Step 3: automate the smallest useful set
Do not start with 200 tests. Start with the 10 to 20 checks that protect the most important behavior.
Step 4: run them in CI
A regression suite that is not run regularly becomes stale quickly.
Step 5: review failures with discipline
If a test fails, decide whether the product is broken, the test is broken, or the environment is broken. Treat all three differently.
Step 6: prune and refactor
Remove redundant coverage, split oversized scenarios, and update tests as the product evolves.
Where AI-assisted tools can help
Agentic AI tools are useful when teams want faster test creation and easier maintenance without giving up control. For example, Endtest’s AI Test Creation Agent can turn a plain-English scenario into editable, platform-native steps inside the Endtest environment, which can be helpful when building or expanding automated regression suites.
That does not replace test strategy. You still need to decide what matters, how often to run it, and how to interpret failures. But AI assistance can reduce the friction of creating and updating tests, especially for teams with many business flows and limited automation bandwidth.

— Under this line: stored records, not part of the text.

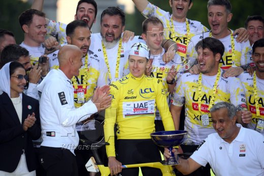 Gesamtsieger Tadej Pogacar (Slowenien, UAE Team Emirates) im gelben Trikot mit Team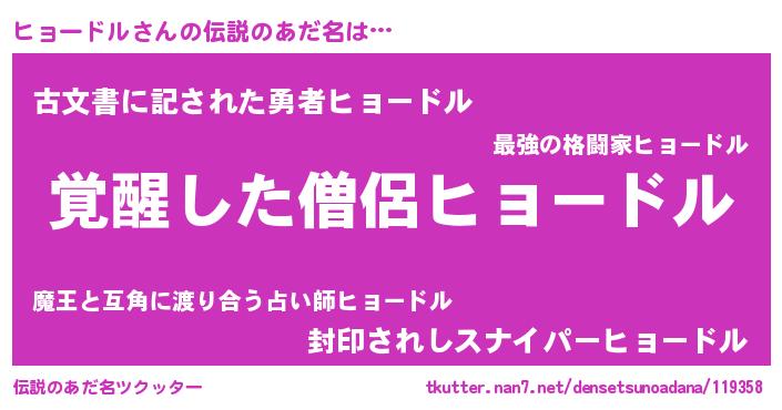 | ヒーロー風カッコイイあだ名 | 『天弓騎士ヒョ』『仮面ヒョダー』 |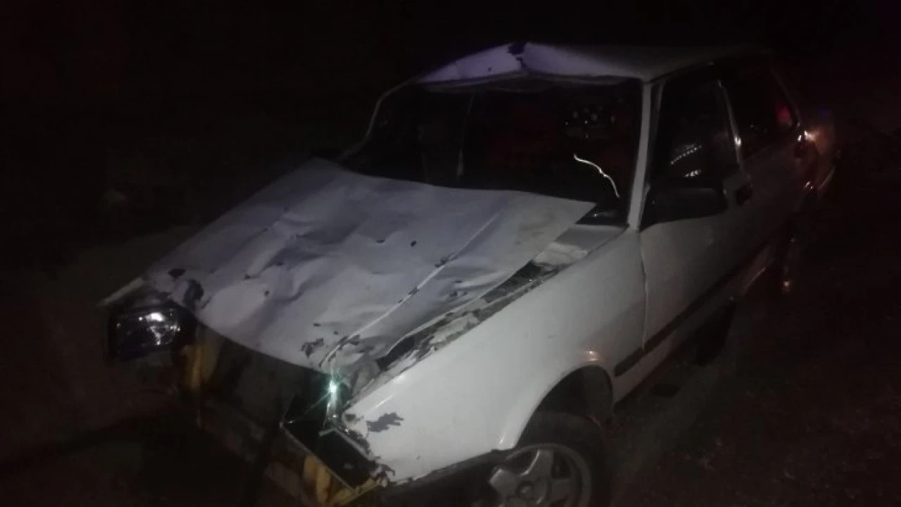 Adıyaman'ın Gölbaşı ilçesinde karayolunda başıboş gezen ata çarpan otomobildeki 2 kişi yaralandı.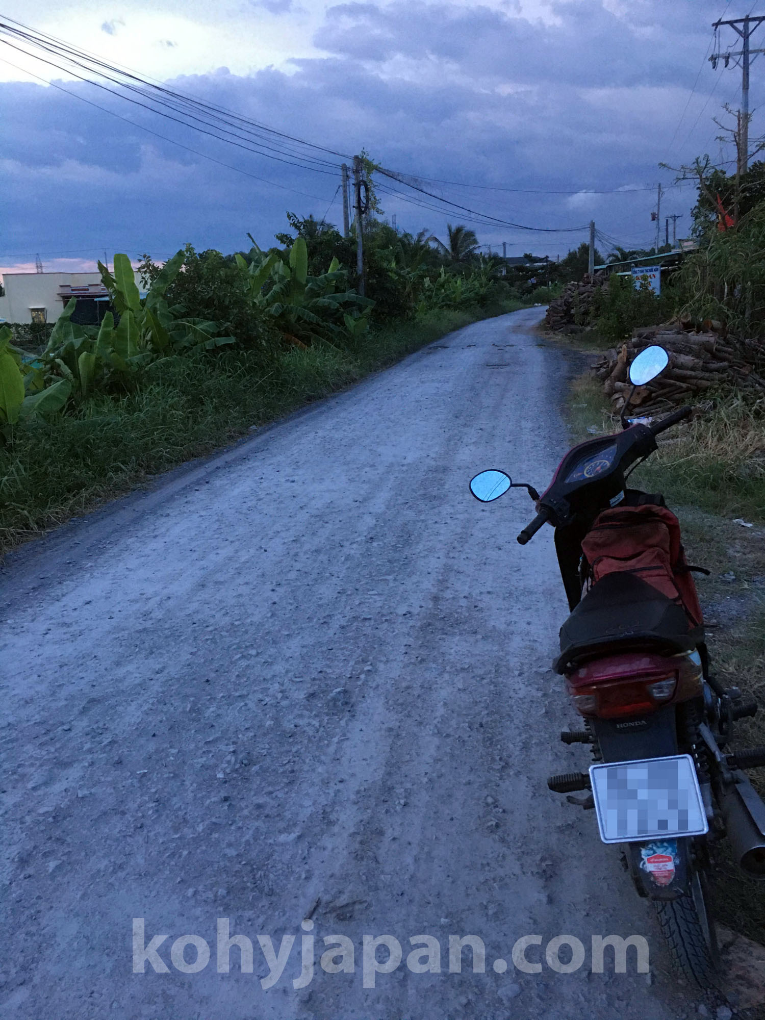 帰り道はCần Giuộc川(sông Cần Giuộc)の対岸で、ほとんど未舗装、名称も不明です。グーグルマップで拡大するとやっと出てくるほど細い道です。この道を走りだした時は少し薄暗くなっていたので本当に走れるのかかなり不安でしたが、走ってみると案外沿道に家もあり明かりがあり快適な道でした。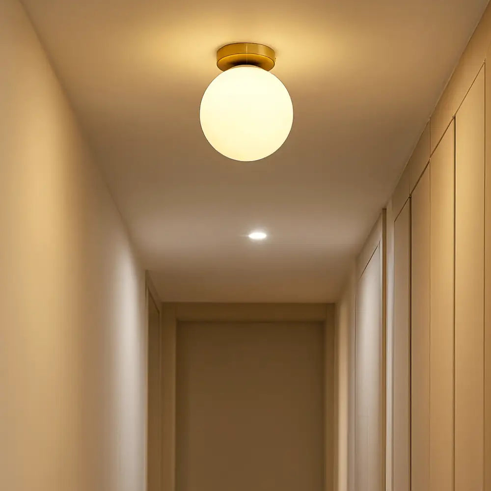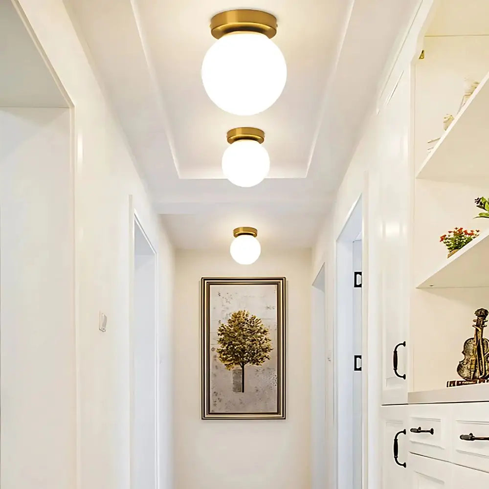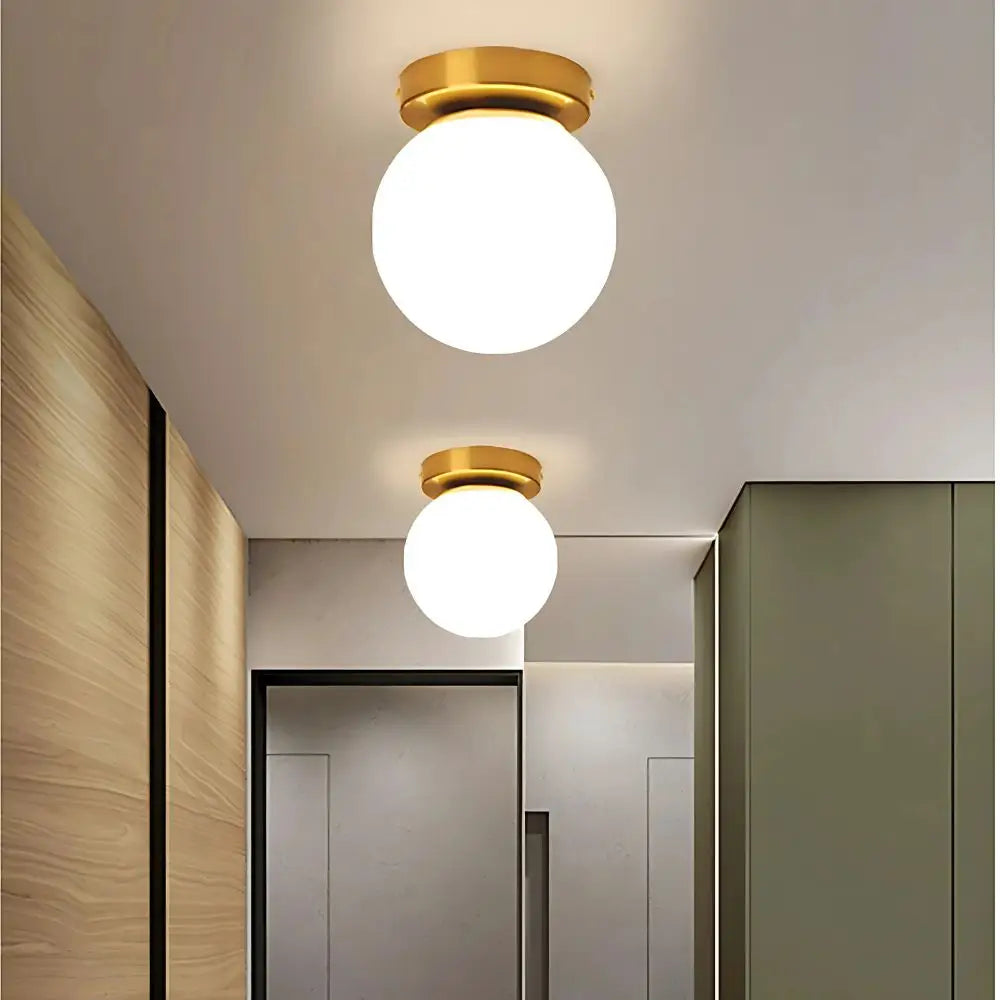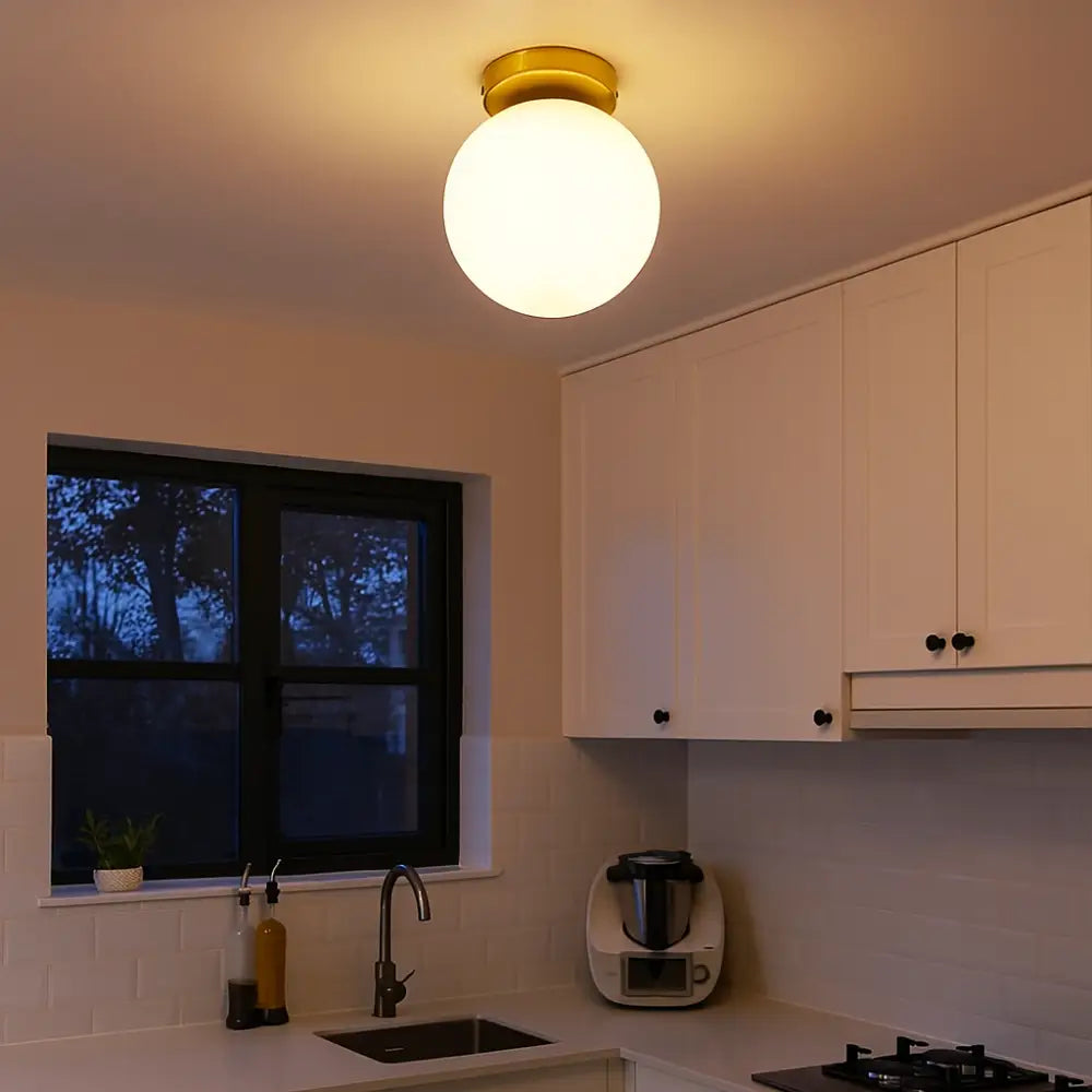 Le Plafonnier Boule en Verre Doré marie une esthétique classique et contemporaine à travers un globe en verre opale dépoli et une base en laiton doré brossé. Sa forme ronde et son éclat discret créent un rendu élégant qui s’adapte aussi bien à un intérieur moderne qu’à un espace au charme plus rétro. Parfait pour les petites pièces comme les couloirs, les toilettes ou les salles de bain, il apporte une note raffinée sans surcharge visuelle.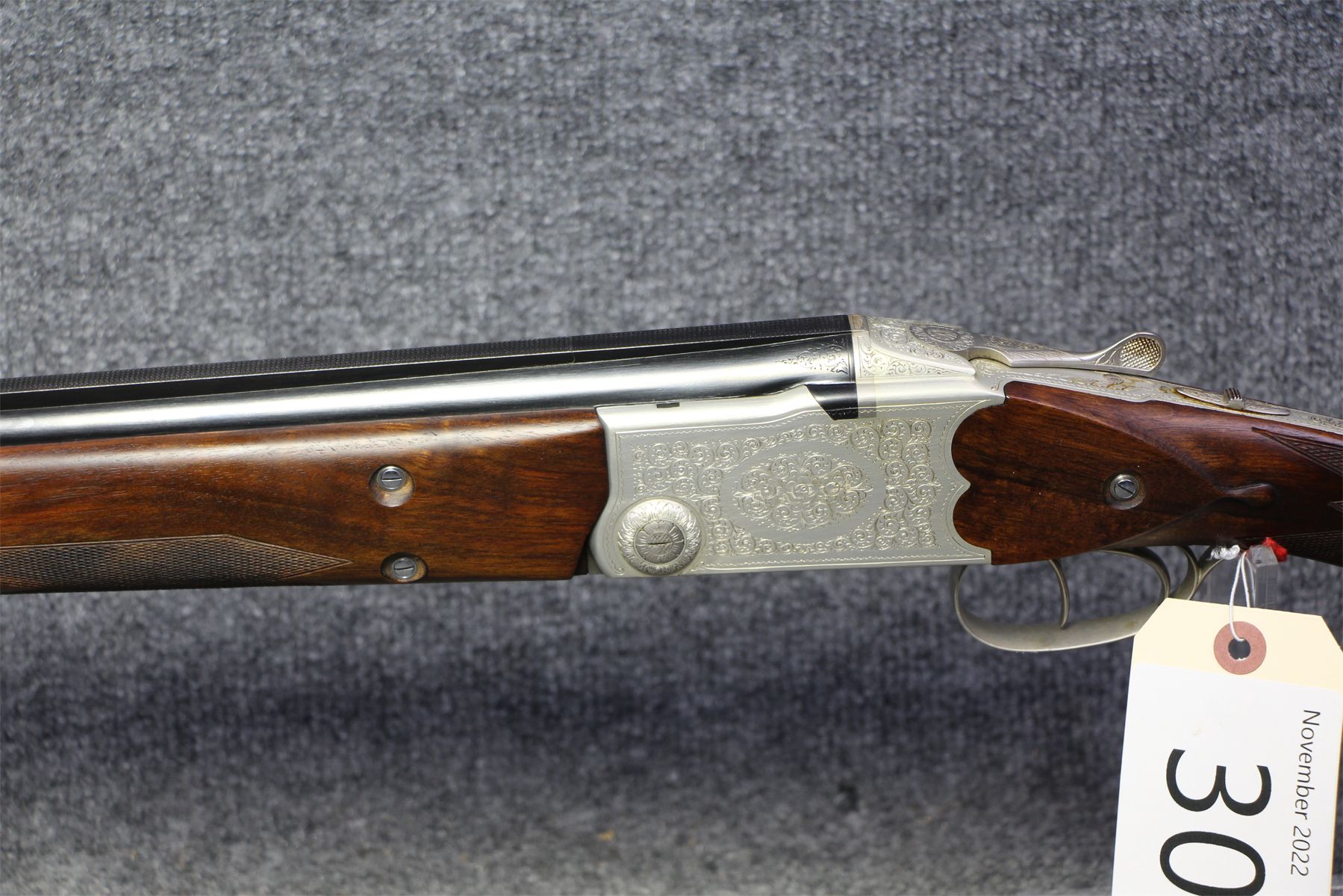 High end Baikal O/U. Not a mark on this gun. Highly engraved aluminum receiver. Double triggers. 1 bead solid rib.

A simple regression testing checklist
Use this as a practical starting point:
- Identify critical business flows
- Separate smoke, sanity, re-testing, and regression coverage
- Add API tests where UI tests are too slow or brittle
- Include visual or accessibility checks where they protect user experience
- Run regression tests in CI/CD, not just before release
- Keep tests small, stable, and maintainable
- Review flaky failures quickly
- Remove duplicate or low-value tests
- Update the suite when product priorities change
Final thoughts
Regression testing is the discipline of protecting what already works while your product keeps changing. The strongest teams do not try to test everything the same way. They combine API tests, UI tests, visual checks, accessibility checks, and targeted manual review into a regression strategy that matches their release risk.
If you remember one thing, make it this: regression testing is not about volume, it is about confidence. Automated regression testing gives you that confidence at scale, but only if the suite is designed around business risk, kept maintainable, and run regularly enough to matter.
For QA teams, founders, and product teams, that makes regression testing less of a QA afterthought and more of a core release capability.